Yuna mengalihkan pandangannya kepintu cafe dan menatap kosong. "Lu mau tau kenapa gue masih baik sama Dera, cewek lu itu? Gadh, gue tau gua jahat. Tapi ... hati gue masih menginginkan kebaikan. Iya dia sahabat gue paling baik. Cuma dia yang bisa buat gue belajar sabar. Dia yang buat gue terima kenyataan. Dia yang buat gue ngerti, kalo penghianatan yang dilakuin orang terdekat itu lebih sakit. Selain itu dia juga buat gue sadar, kalo siapa aja bisa dikhianati.

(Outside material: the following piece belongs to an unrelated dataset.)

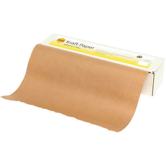 MARBIG KRAFT PAPER ROLL DISPENSER 500MMX70M . Strong kraft paper ideal for wrapping and shipping goods. Excellent for wrapping boxes, parts or interleaving. Quick and easy dispensing. Made from 100% recyclable kraft paper.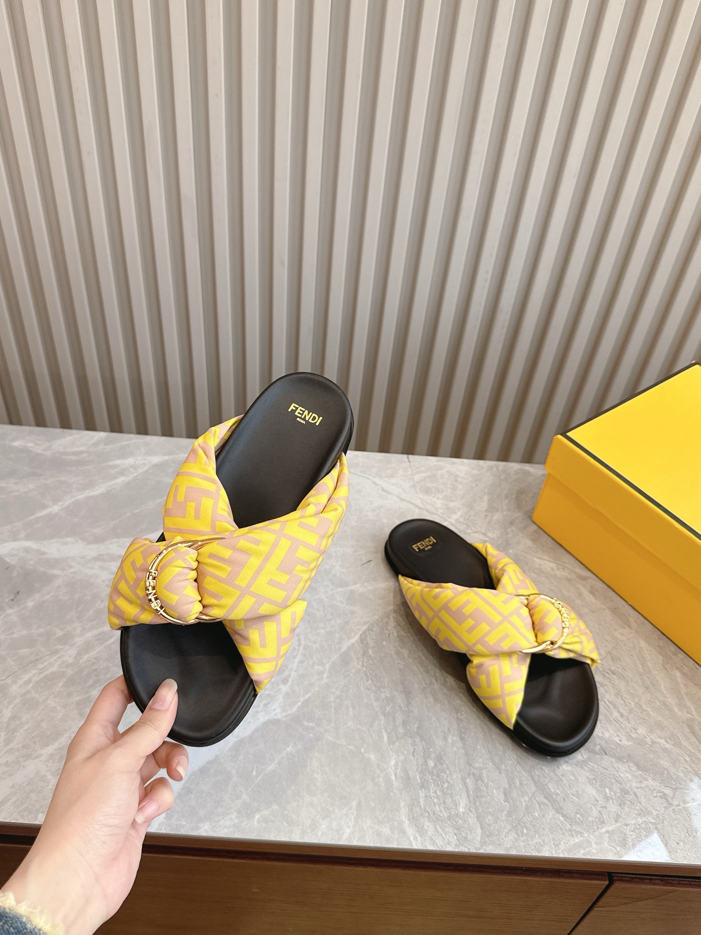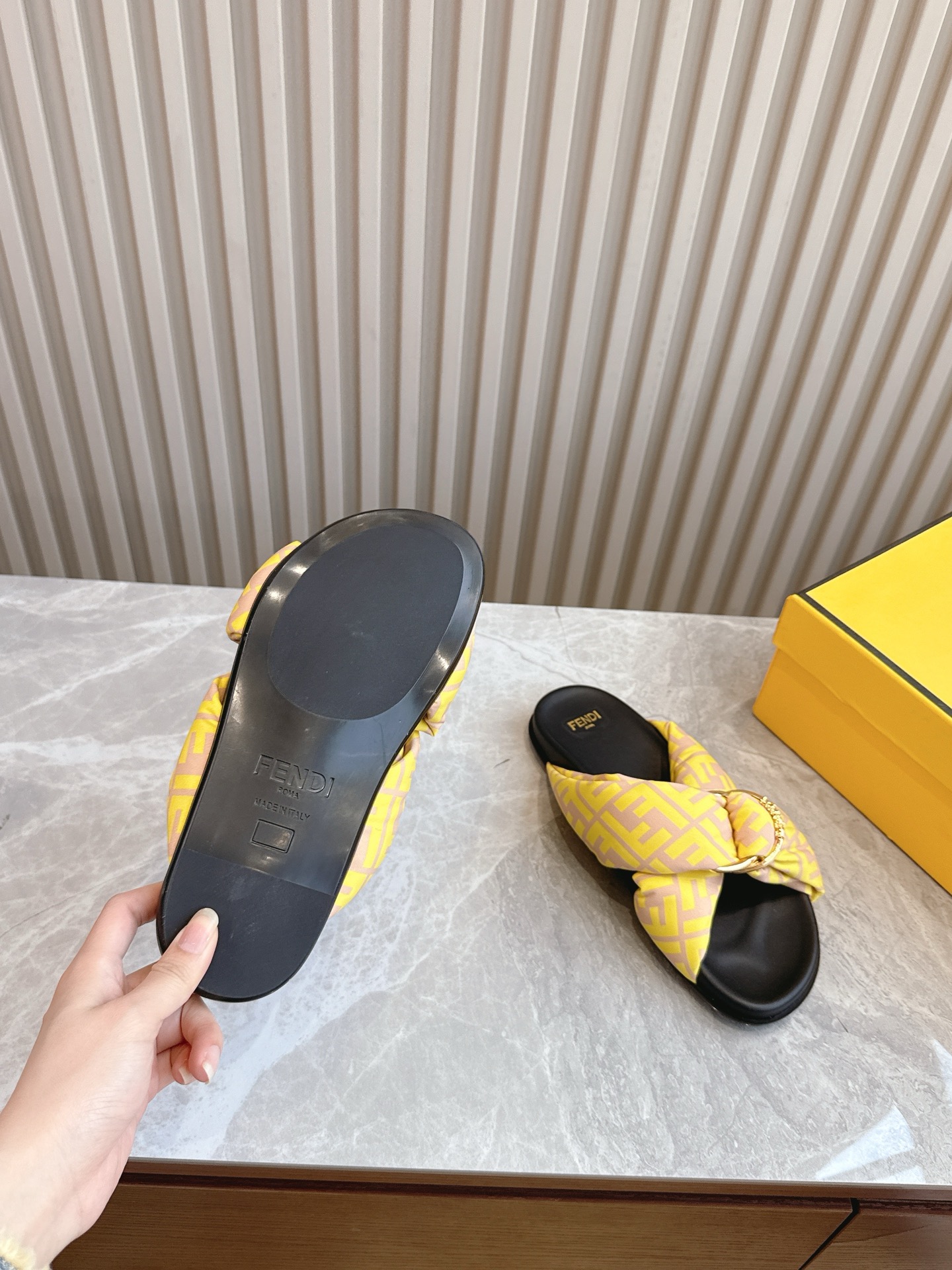 这款鞋子是AAAAA 1:1 质量 (非常棒). 使用了和原版一模一样的材料. 商标部分也保持了和芬迪/Fendi一样. 图片拍摄是实物鞋子拍摄, 您所收到的实物保证和我们图片一模一样.

"Termasuk gue...! Orang yang paling benci sama penghianat. Tapi asal lu tau. Gue gak bisa benci sama dia. Dia sahabat gue! Apapun kesalahan yang dia lakuin, tetap ada maaf untuknya. Bego kan gue?" ucap Yuna dengan tenang.

Gadha hanya diam mendengar jawaban Yuna.

"Lo tau Gadh? Lo berhasil bales gue. Lo berhasil nyakitin hati gue. Dan berhasil ngancurin persahabatan gue. Gue berharap gue bisa selamanya sama mereka. Gue sayang sama mereka. Tapi lo ngancurin kepercayaan gue dengan sahabat gue. Itu ngebuat kepercayaan gue sama mereka tu hancur. Semuanya itu, karna lu Gadh ... selamat lu berhasil." Yuna pun berdiri, hendak pergi meninggalkan Gadha.

"Oiya satu lagi," Yuna memajukan wajahnya mendekat ke arah Gadha.

"Gue cuma lagi nunggu kapan pacar lu itu bakal bilang ke gue, kalau dia MENYESAL pernah milih lu ketimbang KAMI SAHABATNYA!" .

Yuna berjalan menuju pintu cafe. Saat melewati salah satu meja. Ia menangkap siluet seorang gadis yang ia kenali. Yuna pun menghampiri gadis itu dan ....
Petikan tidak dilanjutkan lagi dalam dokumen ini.